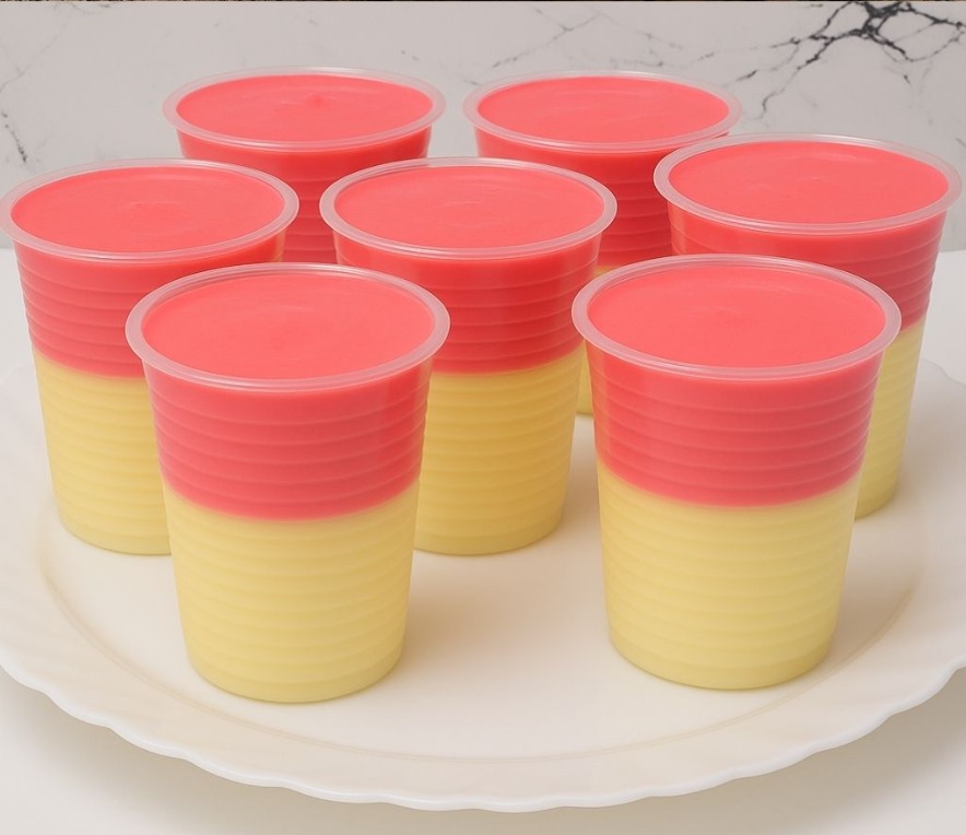 Giet het mengsel in wegwerpbekers (250 ml/8,5 oz) en vul ze tot de helft. U kunt ook dessertglazen gebruiken als u dat liever hebt.
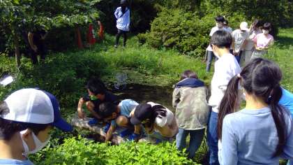 ビオトープでは、黒メダカやモツゴ、ドジョウなどを見せていただきました。
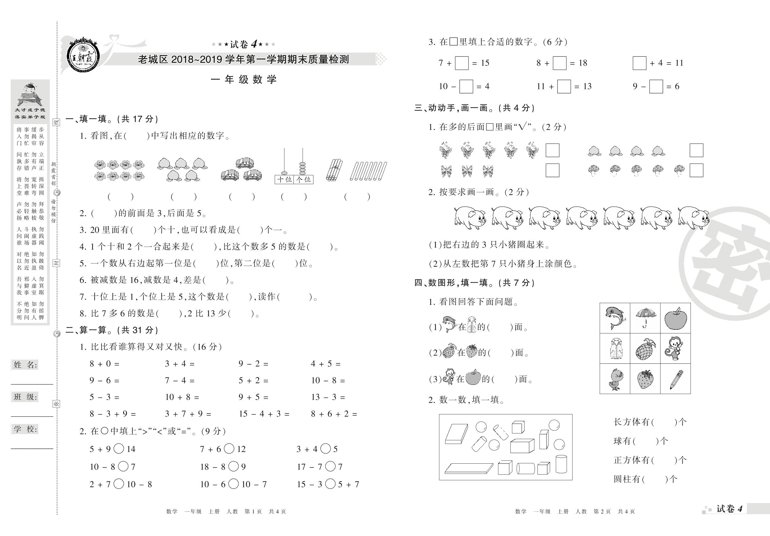 2018-2019学年第一学期洛阳市老城区一年级数学试卷(人教版)【4】
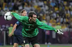Isaksson was also the first-choice goalkeeper through Sweden's disappointing qualification campaign for the 2010 World Cup in South Africa as well as the qualifying rounds for Euro 2012 in Poland and Ukraine. On 29 May 2012, national team manager Erik Hamrén announced his final 23-man squad for the Euros, including the vastly experienced Isaksson.[19] Isaksson again appeared in all three group games as Sweden failed to make it out of the group, although he did keep a clean sheet in their 2–0 victory over France in the final match.[20]
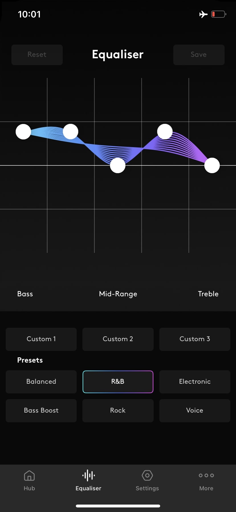 The app includes an equalizer for the earbuds and it’s great. There are six presets and three custom profiles, which you can edit and save. Clicking between the six presets, the profile change is instant in the earbuds, allowing you to very quickly understand which preset is best for which song. Above the presets are five white dots, which symbolise the EQ options between bass, mid and treble. Slide them up and down to build your own sound profile and save it out. Again, sliding up and down, the change is instant in the earbuds, no need to save and wait for them to transfer or update. It’s all very efficient and I love it.
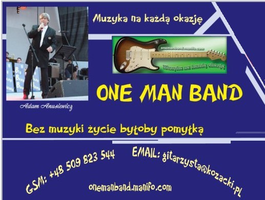 One Man Band - gitarzysta i wokalista o donośnym profesjonalnym tembrze głosu, zapewni niecodziennej jakości oprawę muzyczną imprez rodzinnych/firmowych. Tylko dla wymagających dojrzałej i profesjonalnej oprawy muzycznej par lub jubilatów. Śpiewający i profesjonalnie grający muzyk tworzy niepowtarzalną atmosferę prawdziwego koncertu w stylu charakterystycznym dla występów wielkich gwiazd pokroju Elvis Presley, Frank Sinatra, Krzysztof Krawczyk, Nat King Cole, Andrea Bocelli i inni. Swoim talentem i wysoką kulturą osobistą zdobył zaufanie wielu zleceniobiorców w kraju i za granicą, jak dotąd okraszone wyłącznie superlatywami! Możliwy występ w duecie mieszanym.
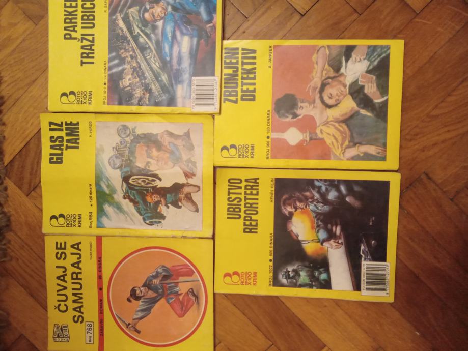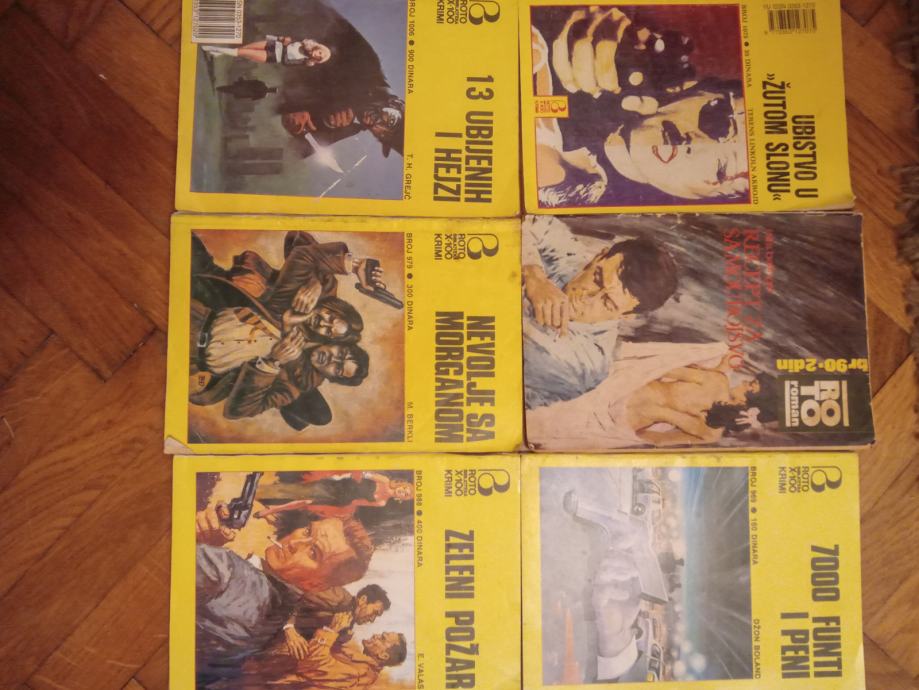 11 većinom krimića, ima od (4) ocijena do glancera, pa je i cijena od 1 - 2 €/kom. ovisi o očuvanosti, svih 11 = 10 €
★ ★ ★ ★ ★ ★ ★
▸ **Aim of the task**:
Print exactly the first line of the entries and every line after it through the one that contains "The app includes", leaving the pictures out.

▸ **Answer section**:
 Giet het mengsel in wegwerpbekers (250 ml/8,5 oz) en vul ze tot de helft. U kunt ook dessertglazen gebruiken als u dat liever hebt.
 ビオトープでは、黒メダカやモツゴ、ドジョウなどを見せていただきました。
 2018-2019学年第一学期洛阳市老城区一年级数学试卷(人教版)【4】
Isaksson was also the first-choice goalkeeper through Sweden's disappointing qualification campaign for the 2010 World Cup in South Africa as well as the qualifying rounds for Euro 2012 in Poland and Ukraine. On 29 May 2012, national team manager Erik Hamrén announced his final 23-man squad for the Euros, including the vastly experienced Isaksson.[19] Isaksson again appeared in all three group games as Sweden failed to make it out of the group, although he did keep a clean sheet in their 2–0 victory over France in the final match.[20]
 The app includes an equalizer for the earbuds and it’s great. There are six presets and three custom profiles, which you can edit and save. Clicking between the six presets, the profile change is instant in the earbuds, allowing you to very quickly understand which preset is best for which song. Above the presets are five white dots, which symbolise the EQ options between bass, mid and treble. Slide them up and down to build your own sound profile and save it out. Again, sliding up and down, the change is instant in the earbuds, no need to save and wait for them to transfer or update. It’s all very efficient and I love it.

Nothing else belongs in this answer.